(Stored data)
----------
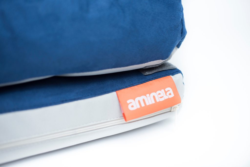 Matrace Aminela se skládá z dvou odolných materiálů, z voděnepropustného materiálu a měkkého, hebkého, avšak pevného a voděodpudivého materiálu, který nešustí a pro psa je velmi pohodlný. Ze stejně hebkého a pohodlného materiálu je vyroben okraj, který se na matraci přichytí pomocí suchých zipů. Kdykoliv se dá okraj odlepit a zase nalepit.
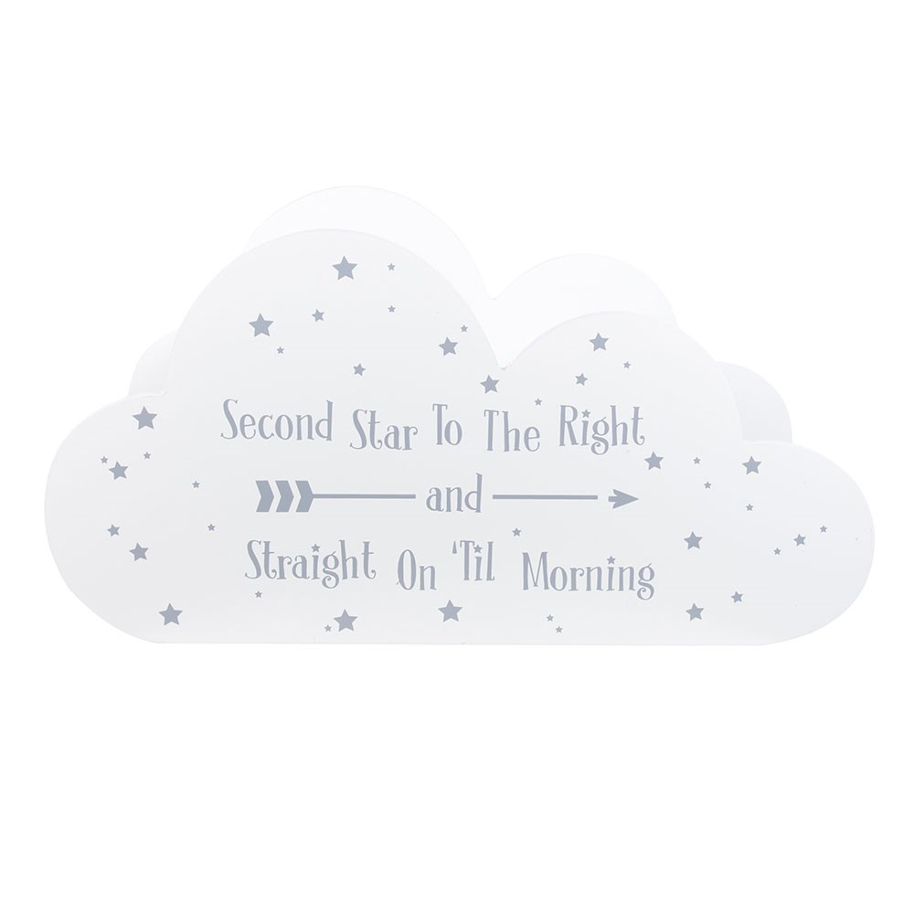 Créez une touche de fantaisie dans la chambre de votre enfant grâce à cette étagère en forme de nuage en bois. De couleur blanche et ornée de délicates étoiles grises, elle arbore sur le devant l'inscription fantaisiste « Second Star to the Right and Straight on Till Morning ». Ingénieusement conçue pour être réversible, elle permet de ranger soigneusement des livres à l'intérieur du nuage, ce qui la rend à la fois décorative et pratique. Idéale pour les chambres d'enfants ou les chambres de bébé, c'est une jolie façon d'exposer les contes préférés du coucher tout en ajoutant une touche douce et féérique à la pièce.
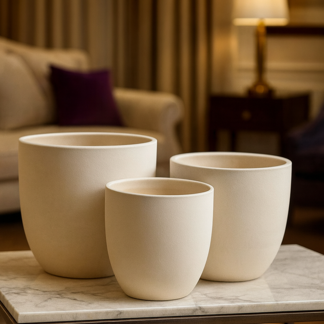 Textured Premium Beige Ceramic Planter Pot (31x30cm)
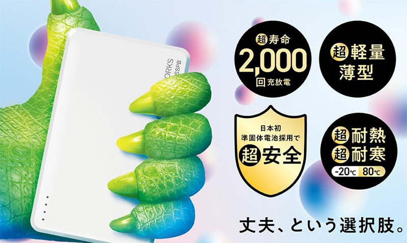 このJOVYが今回の5製品で一番注目してほしいモデルです。 従来のリチウムイオン電池ではなく「準固体電池」を使っていて、電解液が半固体なので液漏れや発火のリスクが大幅に低いんです。
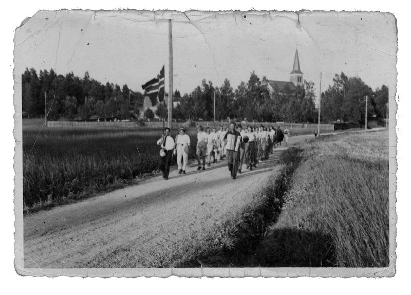 Med flagg og trekkspillmusikk masjerer representanter for Skoger idrettslag (antakelig håndballldamene) til stevne på Sletta. Toget er anført av Markus Johnsrud med trekkspill og Olaf Haveraaen som flaggbærer. Sletta i Skoger ble åpnet 27. juli 1947 etter en stor dugnadsinnsats over lang tid. Simen Horgen foreviget en del av dugnaden og åpningen på film. Filmen er nå i Skoger og Konnerud Historielags arkiv. Den er digitalisert og tilgjengelig på nettet. Medlemmer i historielaget som ønsker å se filmen kan ta kontakt på e-post, foto@skhist.no, for å få tilsendt lenke til filmen. Skoger og Konnerud Historielag takker Inger Johnsrud for opplysninger om bildet. Hun skriver: "Jeg tror det er Skoger Idrettslag på vei til idrettsstevne på Sletta. Trekkspilleren er jeg temmelig sikker på er min far, og jeg synes flaggbæreren ligner onkel Olaf, dvs Olaf Haveråen. Bildet kommer opprinnelig fra Steinar Lunda senior, og alle disse var ivrige i idrettslaget i Skoger. Tror faren min kanskje var formann på denne tida, uten at jeg har tatt meg tid til å sjekke dette. Han var iallfall leder for opparbeidelsen av Sletta sommeren 1945. Tidsbestemmelsen på bildet kan være riktig." Etter at Inger har sett filmen meddeler hun følgende: "Siden datoen for filmingen kom opp, var det raskt å slå opp i dagboka til faren min, hvor det står om innvielsen at det var flott vær, og at ca 1000 mennesker hadde møtt fram! Det står også at han hadde vært leder for arbeidet på Sletta i de 10 årene(!) de hadde jobbet med anlegget. Litt av en jobb da, men det gikk vel i perioder mellom onnene, pluss antakelig en del forberedende arbeid."
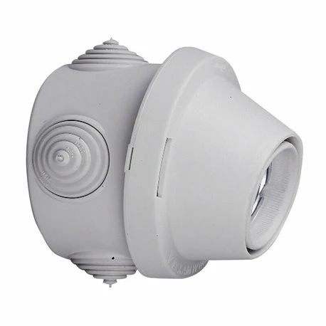 Douille patere Plexo patère E27 orientable de la marque Legrand. Modèle : Support de lampe en saillie. Produit fait en Céramique de couleur gris. IP20. Classe II. Avec 4 embouts à entrées directes pour montage droit ou incliné. Connexion sur borne à vis Référence : 060152. Code EAN : 3245060601522.
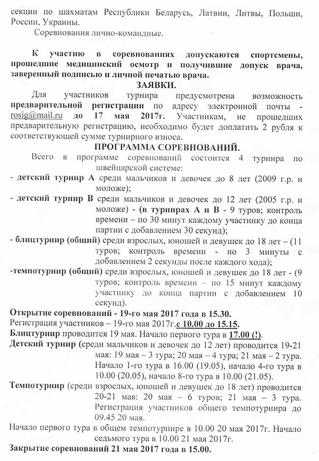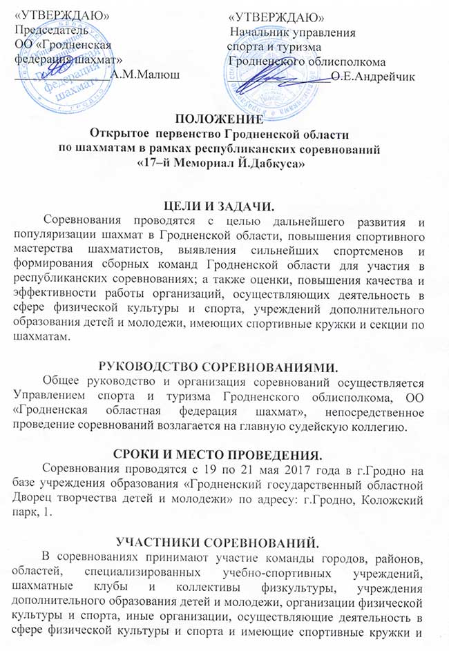 С 19 по 21 мая в областном дворце творчества детей и молодежи г.Гродно пройдет 17-й открытый республиканский турнир по шахматам Мемориал Й.М. Дабкуса.
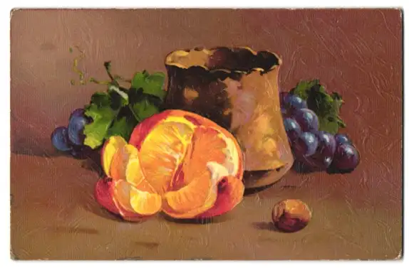 Ölgemälde-Imitations-AK Stilleben mit einer Orange und einem Tonkrug
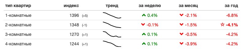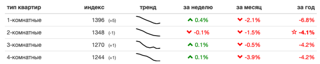 Динамика объёма предложения сменила направление: количество выставленных на продажу объектов за последнюю неделю снизилось на 4.4%. Наиболее ощутимым был отток в сегменте 1-комнатных квартир, которых за 7 дней стало меньше сразу на 8%. На 4% сократилось предложение «трёшек», число 2- и 4-комнатных уменьшилось на 2%.
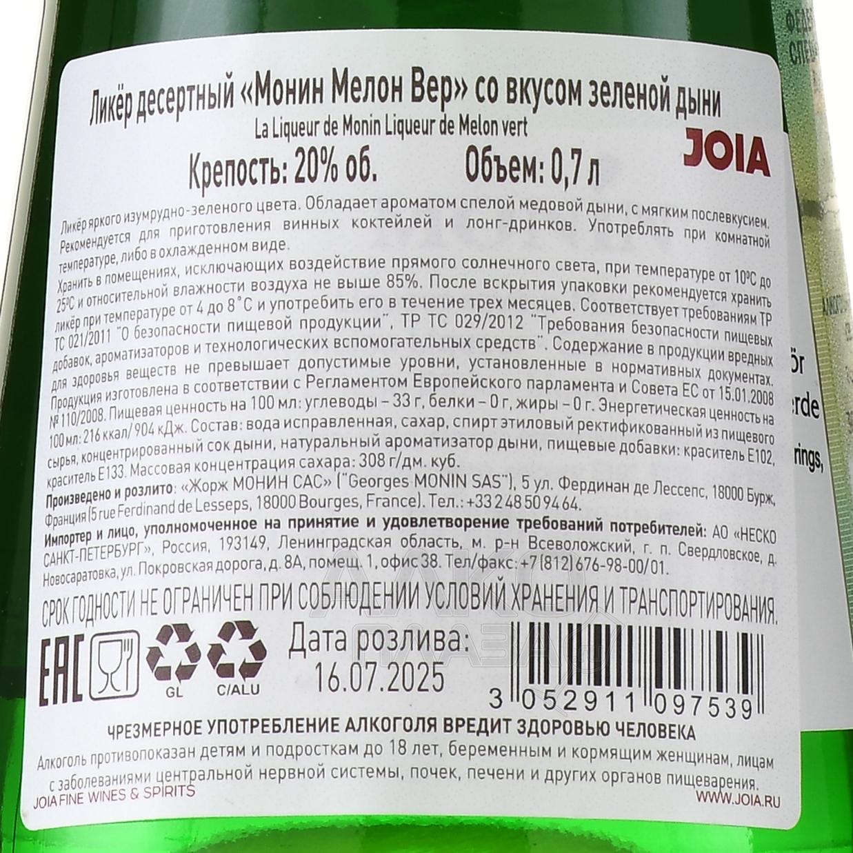 Monin Liqueur de Melon Vert - ликер Монин Дыня 0.7 л
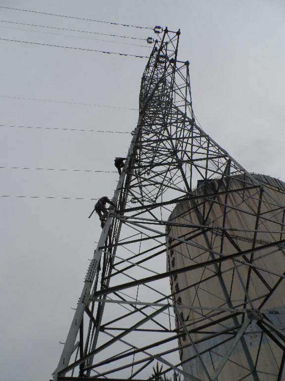 11時15分,供用電公司搶修人員到達(dá)故障現(xiàn)場, 面對全礦業(yè)公司最高、最大的46米鐵塔電纜故障,搶修人員做好安全措施登塔檢查,發(fā)現(xiàn)電纜灼燒嚴(yán)重,必須落地處理。由于故障點(diǎn)的A相電纜位于鐵塔最頂端,長達(dá)60多米,截面積400mm2的銅芯高壓電纜分量極重,而且安裝電纜時為保證安全,加裝了許多特殊的固定包箍,給拆除降落工作帶來了極大的困難。高空電纜拆除降落過程中既要保證作業(yè)人員安全,又不能損傷電纜, 根據(jù)現(xiàn)場情況,該分公司領(lǐng)導(dǎo)和搶修人員一起制定了安全合理的電纜拆除落地方案。夏季的烈日高懸中天,搶修人員帶好保險帶等安全防護(hù)裝備開始向塔頂攀爬,從塔底向上望去,陽光下的他們身影漸漸變小,他們的形象卻越發(fā)高大。在搶修人員一刻不停歇的努力下,兩個多小時后,故障電纜終于安全落地。
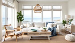 Modern coastal living room furniture walks a tightrope. Done right, it feels like a vacation home overlooking the water, natural,
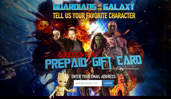 Users can signup for this easy one page email submit receive a prepaid gift card for telling us your favorite Guardians of the Galaxy character.
----------
What you will do >> From the first line above down to the line with "このJOVYが今回の5製品で", reproduce every line and no others, omitting pictures.

Reply >>
 Matrace Aminela se skládá z dvou odolných materiálů, z voděnepropustného materiálu a měkkého, hebkého, avšak pevného a voděodpudivého materiálu, který nešustí a pro psa je velmi pohodlný. Ze stejně hebkého a pohodlného materiálu je vyroben okraj, který se na matraci přichytí pomocí suchých zipů. Kdykoliv se dá okraj odlepit a zase nalepit.
 Créez une touche de fantaisie dans la chambre de votre enfant grâce à cette étagère en forme de nuage en bois. De couleur blanche et ornée de délicates étoiles grises, elle arbore sur le devant l'inscription fantaisiste « Second Star to the Right and Straight on Till Morning ». Ingénieusement conçue pour être réversible, elle permet de ranger soigneusement des livres à l'intérieur du nuage, ce qui la rend à la fois décorative et pratique. Idéale pour les chambres d'enfants ou les chambres de bébé, c'est une jolie façon d'exposer les contes préférés du coucher tout en ajoutant une touche douce et féérique à la pièce.
 Textured Premium Beige Ceramic Planter Pot (31x30cm)
 このJOVYが今回の5製品で一番注目してほしいモデルです。 従来のリチウムイオン電池ではなく「準固体電池」を使っていて、電解液が半固体なので液漏れや発火のリスクが大幅に低いんです。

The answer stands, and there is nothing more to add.